**About this exercise**.
If an entry holds a picture, leave that picture out and reproduce everything else exactly.

- - - - - - -

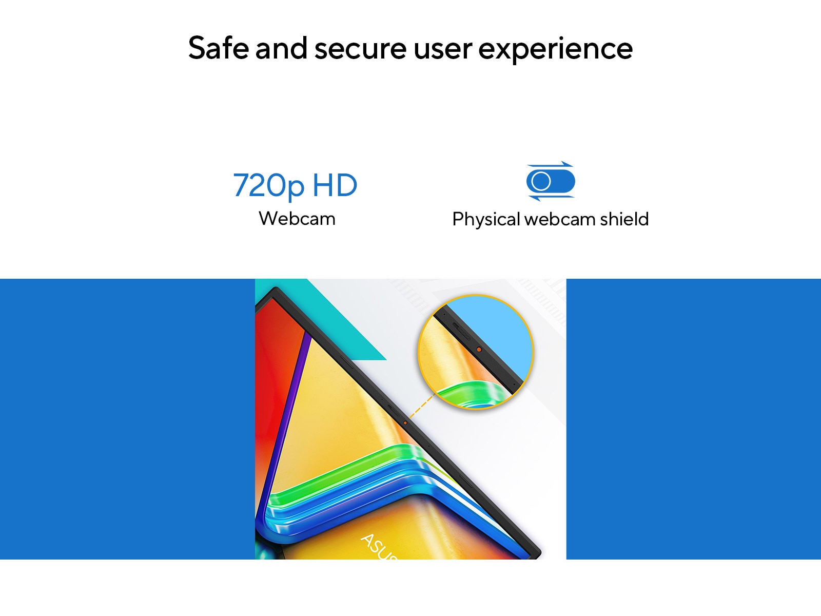 *This Asus Vivobook Laptop images is for illustration purpose only. Actual image may vary.Integrated privacy shield slides over the 720P HD webcam for instant privacy protection against prying eyes and disturbances.
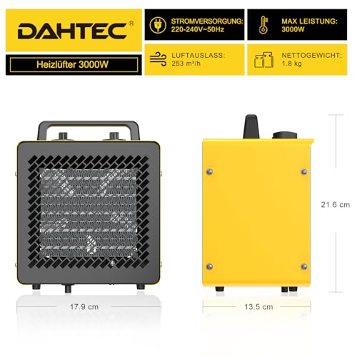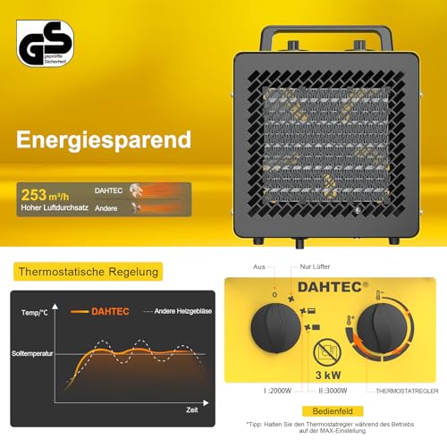 - Sicher & Zuverlässig:Industriequalität mit hitzebeständiger Pulverbeschichtung am Stahlgehäuse. Thermostat und Überhitzungsschutz für sichere Nutzung
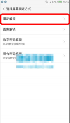 3:取消手機當前設置的“圖案解鎖”、 “數字密碼解鎖” 、“混合密碼解鎖”等屏幕鎖。更改為手機出廠默認的“滑動解鎖”方式。如下圖:進入 設置安全與隱私屏幕鎖定,選擇“滑動解鎖”。
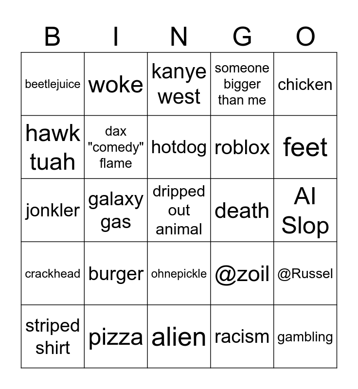 This bingo card has a free space and 24 words: burger, pizza, hotdog, striped shirt, chicken, beetlejuice, hawk tuah, woke, death, ohnepickle, roblox, jonkler, @zoil, @Russel, dax "comedy" flame, racism, AI Slop, kanye west, feet, galaxy gas, gambling, crackhead, someone bigger than me and alien.
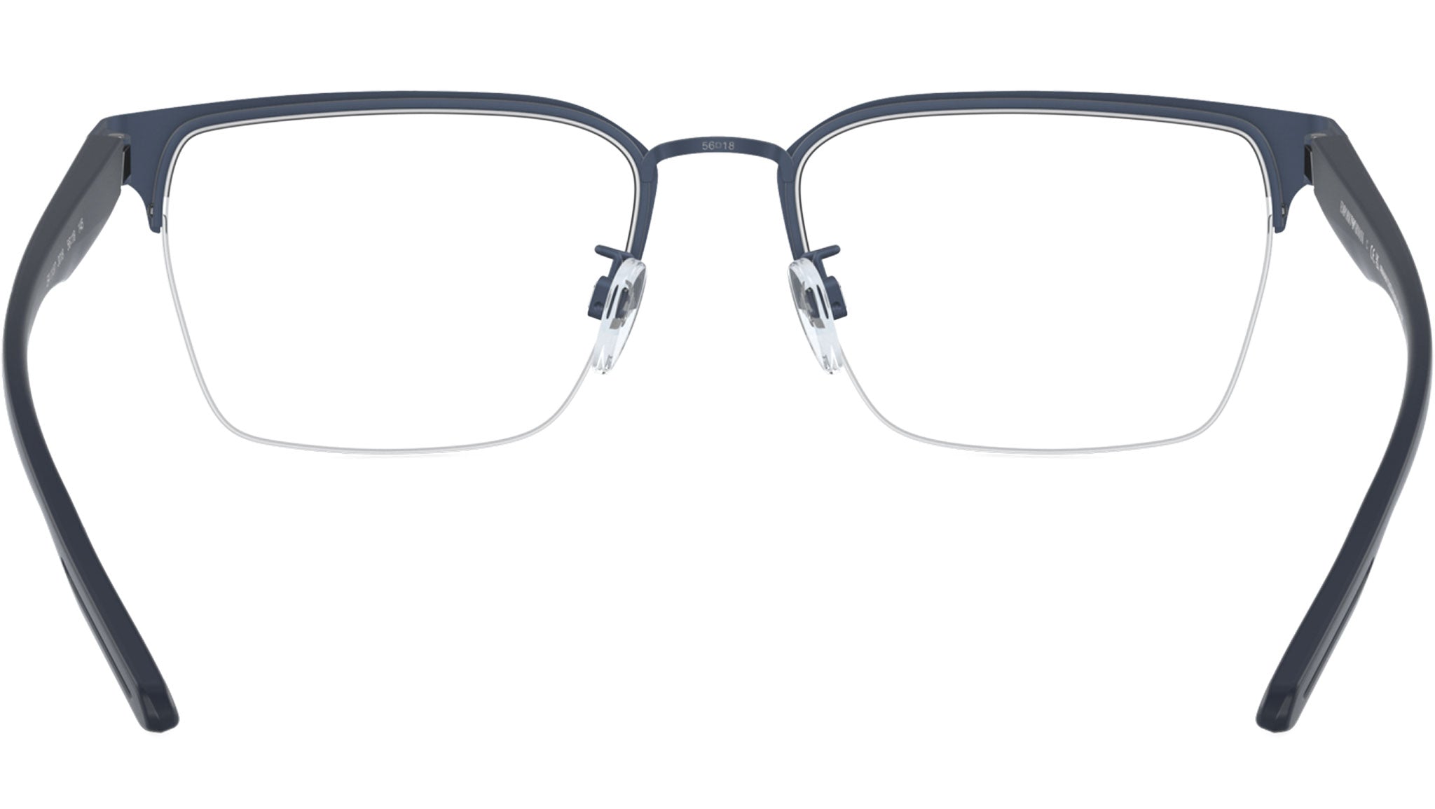 Emporio Armani eyeglasses for men model EA1137 featuring matte blue semi rim metal frame and base 4 curve demo lens. Adjustable Nosepads. Frame line: Runway. Brand code: EA1137. Color code: 3018. Authorised Emporio Armani Online Reseller. Your glasses will come including the original case and accessories and will be covered by 12 month global warranty.

- - - - - - -

**Response**.
 *This Asus Vivobook Laptop images is for illustration purpose only. Actual image may vary.Integrated privacy shield slides over the 720P HD webcam for instant privacy protection against prying eyes and disturbances.
 - Sicher & Zuverlässig:Industriequalität mit hitzebeständiger Pulverbeschichtung am Stahlgehäuse. Thermostat und Überhitzungsschutz für sichere Nutzung
 3:取消手機當前設置的“圖案解鎖”、 “數字密碼解鎖” 、“混合密碼解鎖”等屏幕鎖。更改為手機出廠默認的“滑動解鎖”方式。如下圖:進入 設置安全與隱私屏幕鎖定,選擇“滑動解鎖”。
 This bingo card has a free space and 24 words: burger, pizza, hotdog, striped shirt, chicken, beetlejuice, hawk tuah, woke, death, ohnepickle, roblox, jonkler, @zoil, @Russel, dax "comedy" flame, racism, AI Slop, kanye west, feet, galaxy gas, gambling, crackhead, someone bigger than me and alien.
 Emporio Armani eyeglasses for men model EA1137 featuring matte blue semi rim metal frame and base 4 curve demo lens. Adjustable Nosepads. Frame line: Runway. Brand code: EA1137. Color code: 3018. Authorised Emporio Armani Online Reseller. Your glasses will come including the original case and accessories and will be covered by 12 month global warranty.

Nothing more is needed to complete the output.